## PROBLEM
Omit every picture, and retype the lines that run from the beginning of the data below through the line containing "宝玑银白色表盘18k黄金镶钻女士机械表", inclusive.

## Collection entries
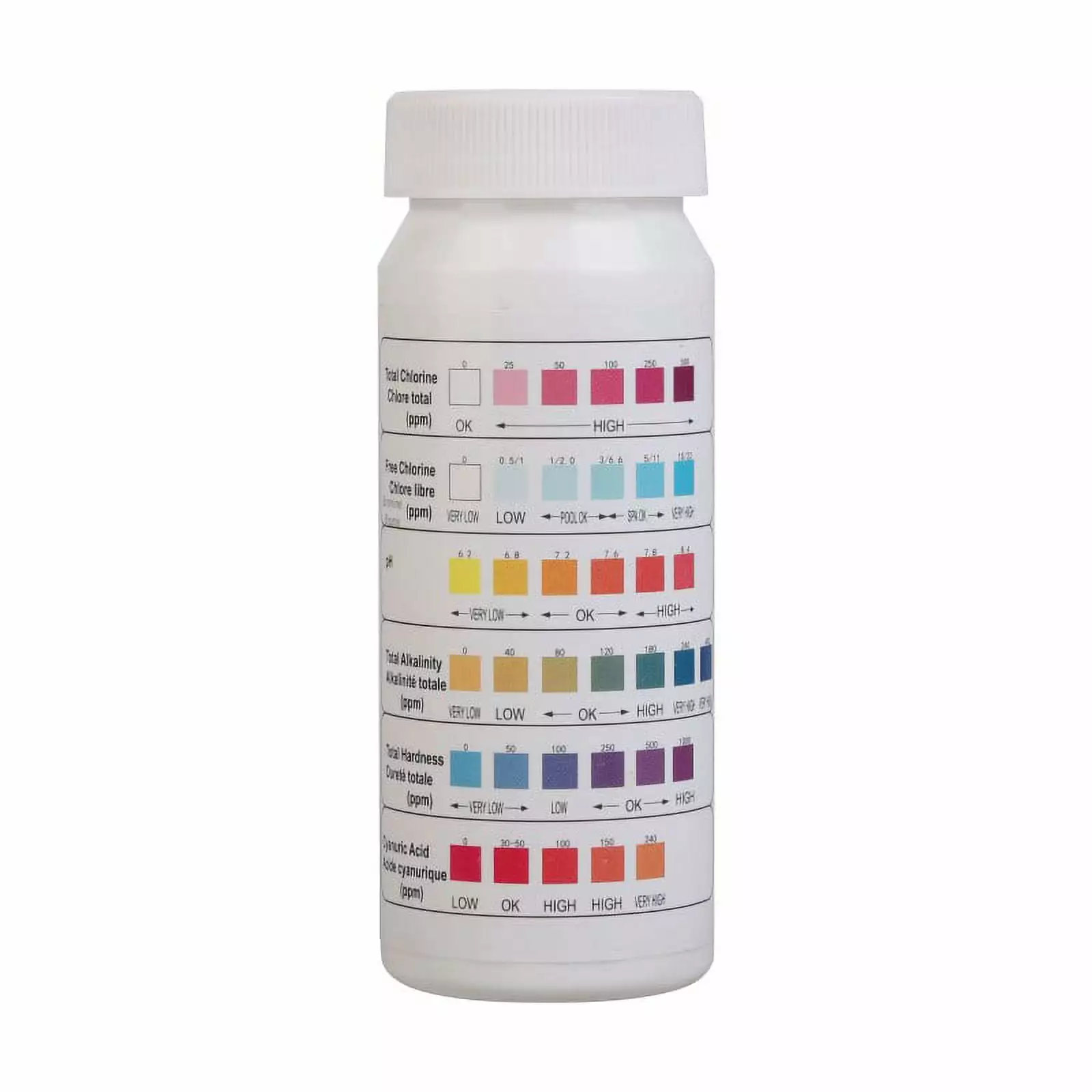 - Test free chlorine. bromine. pH. total alkalinity. total hardness and cyanuric acid.
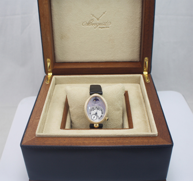 宝玑银白色表盘18k黄金镶钻女士机械表
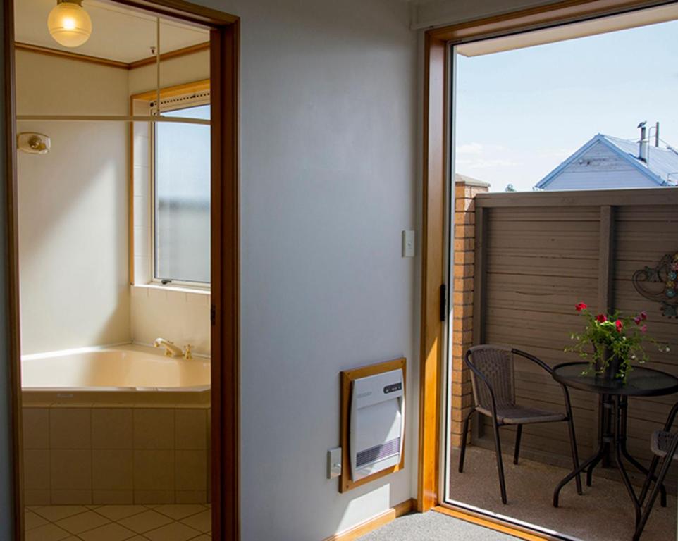 King size bed. Bathroom features large corner spa bath with a shower over. Smart TV 43", cooking facilities include microwave, electric frypan, ceramic cooktop with two hotplates and tea/coffee making facilities. Great range of teas and coffees including Tuatara plunger coffee. The spa studio units are on the ground floor room with a small private courtyard, situated at rear of property away from main road. Double glazed.
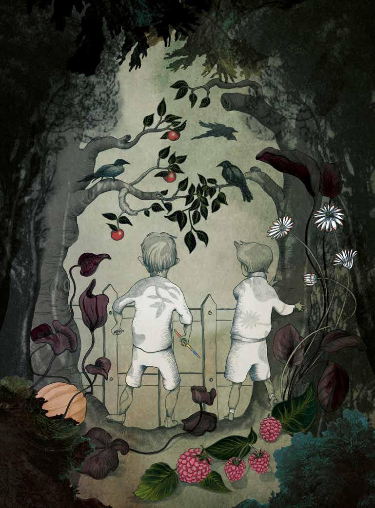 Der er både mod, ængstelse og nysgerrighed i drengenes kropssprog. Hendes illustrationer trækker læseren med ind i fortællingen og kræver dennes udelte opmærksomhed.
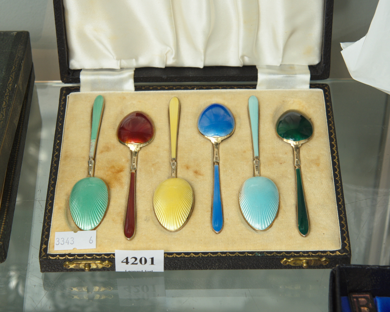 SET OF STERLING SILVER AND ENAMEL TEASPOONS
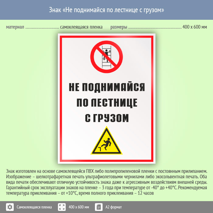 Знак «Не поднимайся по лестнице с грузом», КЗ-28 (пленка, 400х600 мм) в Пензе купить
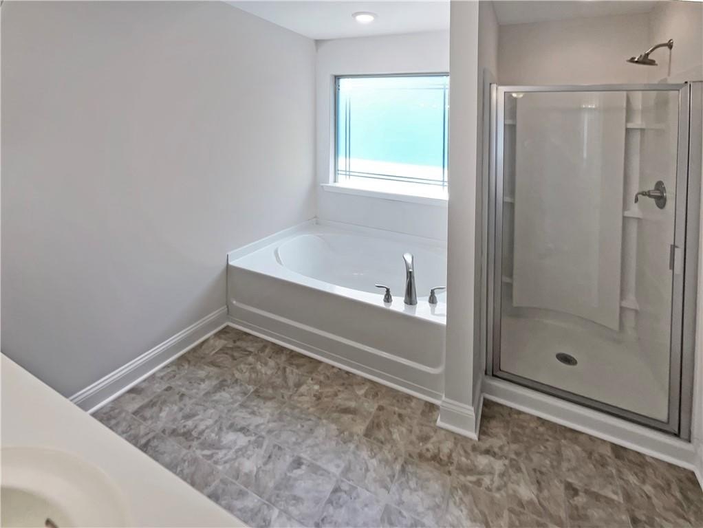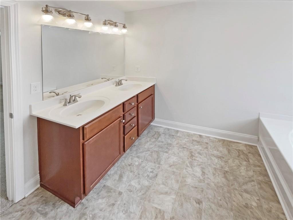 vanity, soaking tub, and separate shower. Two additional guest bedrooms share a full bath, and the upstairs laundry room
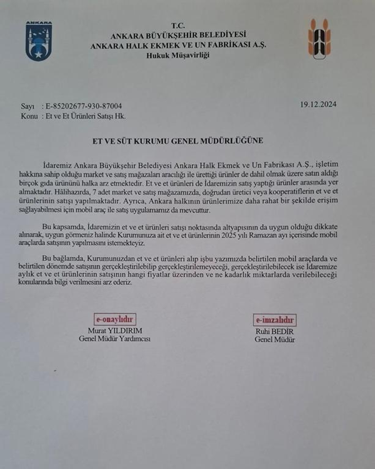 Ankara Büyükşehir Belediyesi’ne bağlı ABB Halk Ekmek A.Ş. belediyeye ait marketlerde ve mobil satış araçlarında fiyatlı et ürünlerini satmak için resmi başvuruda bulundu ancak başvuru Et ve Süt Kurumu'nca reddedildi. Birgün'de yer alan habere göre Et ve Süt Kurumu’nun Muhsin Yazıcıoğlu Caddesi’ndeki Ankara’daki tek satış mağazası, ödediği aylık yaklaşık 700 bin TL’lik kira gerekçe gösterilerek 2023 yılında kapatıldı. Bu kapatma sonrası dar gelirli vatandaşların uygun fiyatlı ete erişimi büyük ölçüde zorlaştı. Ankara Büyükşehir Belediyesi’ne bağlı ABB Halk Ekmek A.Ş. ise belediyeye ait marketlerde ve mobil satış araçlarında ESK’ye ait uygun fiyatlı et ürünlerini satmak için resmi başvuruda bulundu. Başvuruda, Halk Ekmek mağazalarında, ABB Marketlerde ve Mobil satış araçlarında vatandaşa uygun fiyatlı et ulaştırılmak istendiği belirtildi ve ESK’den ürün fiyat listesi talep edildi. Kaynak: Birgün Gazetesi Ancak Et ve Süt Kurumu, başvuruyu resmi yazıyla “talep karşılanamayacaktır” şeklinde yanıt verdi. Kurumun ret yazısında, "Mağazalarda yoğun talep olduğu, üretim kapasitesinin Tarım Kredi Marketleri ile zincir marketlere yönlendirildiği ve bu nedenle ABB’ye ürün verilemeyeceği" ifadeleri yer aldı. Son 10 günde yüzde 15'lik zam gelmişti İstanbul Perakendeci Kasaplar Odası Başkanı Aydın Tüfekçi ise karkas et fiyatlarına son 10 günde ete gelen yüzde 15'lik zam geldiğini açıklamıştı. Bu zam oranının karkas etin kilosunda 40 ila 65 liralık bir artışa tekabül ettiğini belirten Tüfekçi, güncel piyasa verilerini şöyle aktarmıştı: “Karkas etin kilosu 520-550 lira arasında seyrediyor. İstanbul’daki kasaplarda dana kıyma 800 liradan başlayıp bölgelere göre 1.100 liraya kadar çıkıyor. Dana kuşbaşının kilosu 950 ile 1.100 lira arasında değişirken, Balıkesir kıvırcık koyununun karkas kilogram fiyatı ise 650 liraya ulaşmış durumda.” [news_id:793114]

## WRITTEN ANSWER
 - Test free chlorine. bromine. pH. total alkalinity. total hardness and cyanuric acid.
 宝玑银白色表盘18k黄金镶钻女士机械表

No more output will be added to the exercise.